═══ Supplied material

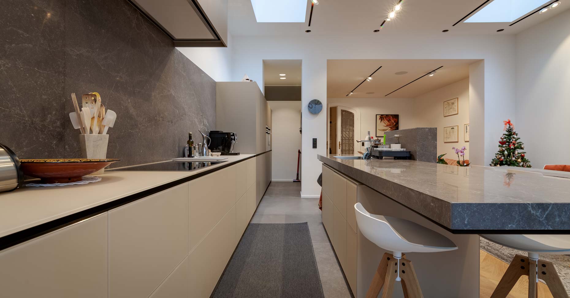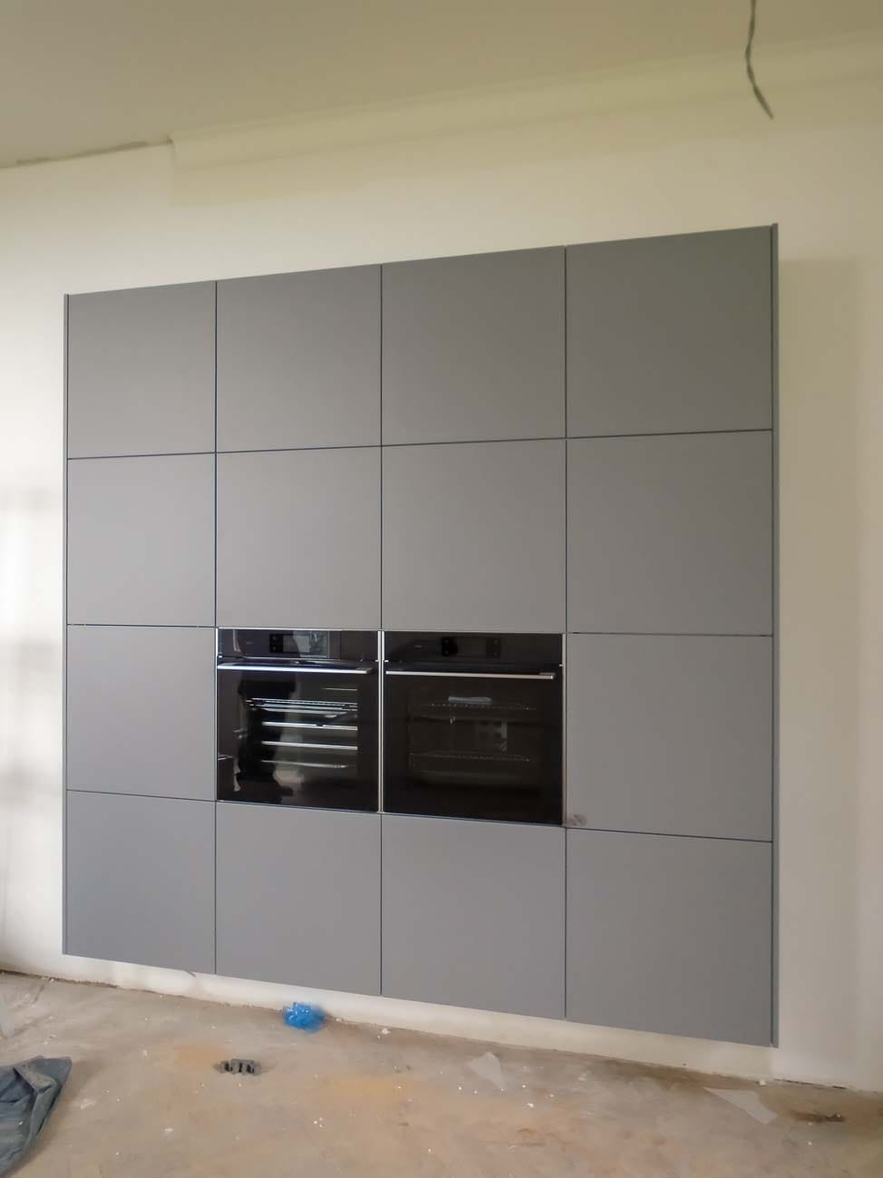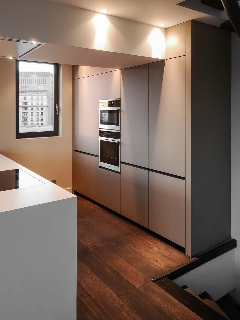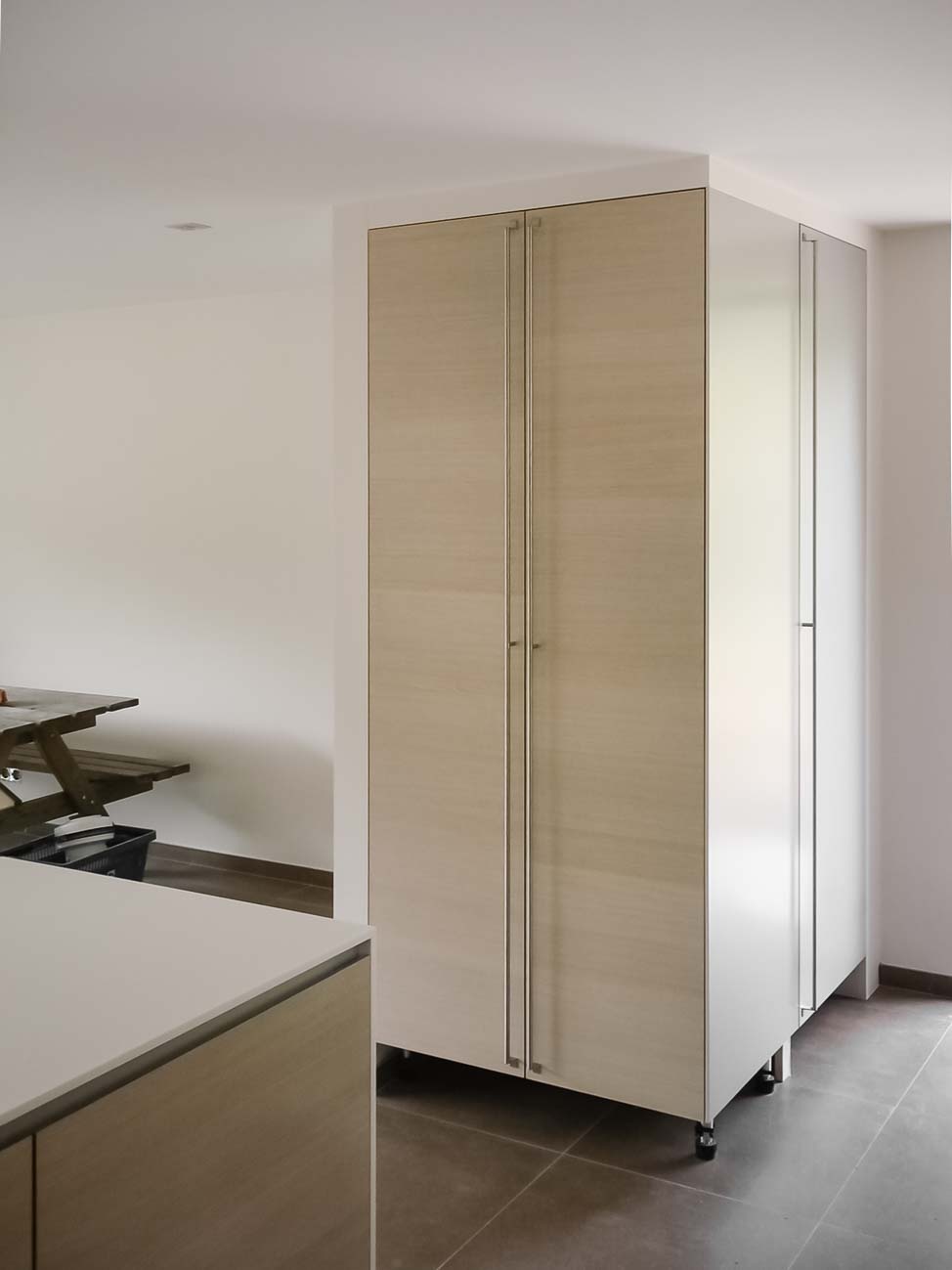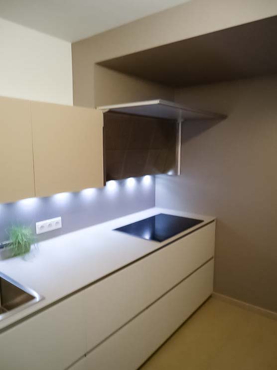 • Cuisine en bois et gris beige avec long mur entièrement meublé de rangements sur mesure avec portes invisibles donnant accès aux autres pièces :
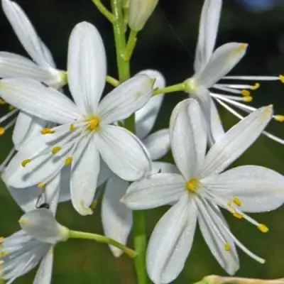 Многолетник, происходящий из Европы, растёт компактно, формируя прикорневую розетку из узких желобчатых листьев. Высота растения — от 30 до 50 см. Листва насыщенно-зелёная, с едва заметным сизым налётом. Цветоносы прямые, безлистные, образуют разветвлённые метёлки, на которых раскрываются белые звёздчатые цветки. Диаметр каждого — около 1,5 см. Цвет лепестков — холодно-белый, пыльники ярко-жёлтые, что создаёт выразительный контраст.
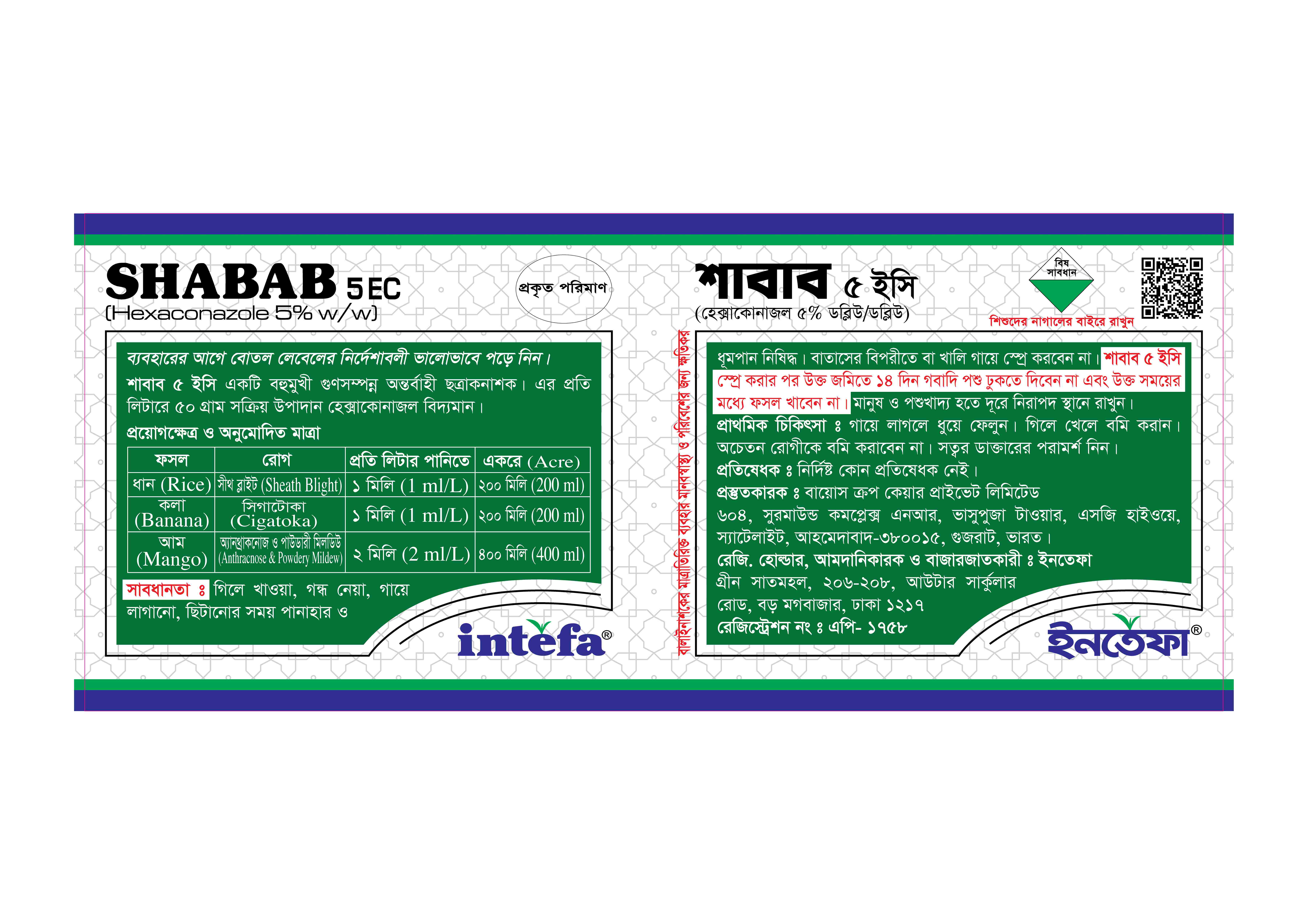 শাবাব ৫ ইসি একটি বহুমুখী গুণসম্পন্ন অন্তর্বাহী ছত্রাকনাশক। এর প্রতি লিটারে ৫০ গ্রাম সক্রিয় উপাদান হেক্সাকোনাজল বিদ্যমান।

══════

Retype the line containing "Многолетник, происходящий из" and all lines after it through the end of the material, exactly and only those, leaving out pictures.

(Result):
 Многолетник, происходящий из Европы, растёт компактно, формируя прикорневую розетку из узких желобчатых листьев. Высота растения — от 30 до 50 см. Листва насыщенно-зелёная, с едва заметным сизым налётом. Цветоносы прямые, безлистные, образуют разветвлённые метёлки, на которых раскрываются белые звёздчатые цветки. Диаметр каждого — около 1,5 см. Цвет лепестков — холодно-белый, пыльники ярко-жёлтые, что создаёт выразительный контраст.
 শাবাব ৫ ইসি একটি বহুমুখী গুণসম্পন্ন অন্তর্বাহী ছত্রাকনাশক। এর প্রতি লিটারে ৫০ গ্রাম সক্রিয় উপাদান হেক্সাকোনাজল বিদ্যমান।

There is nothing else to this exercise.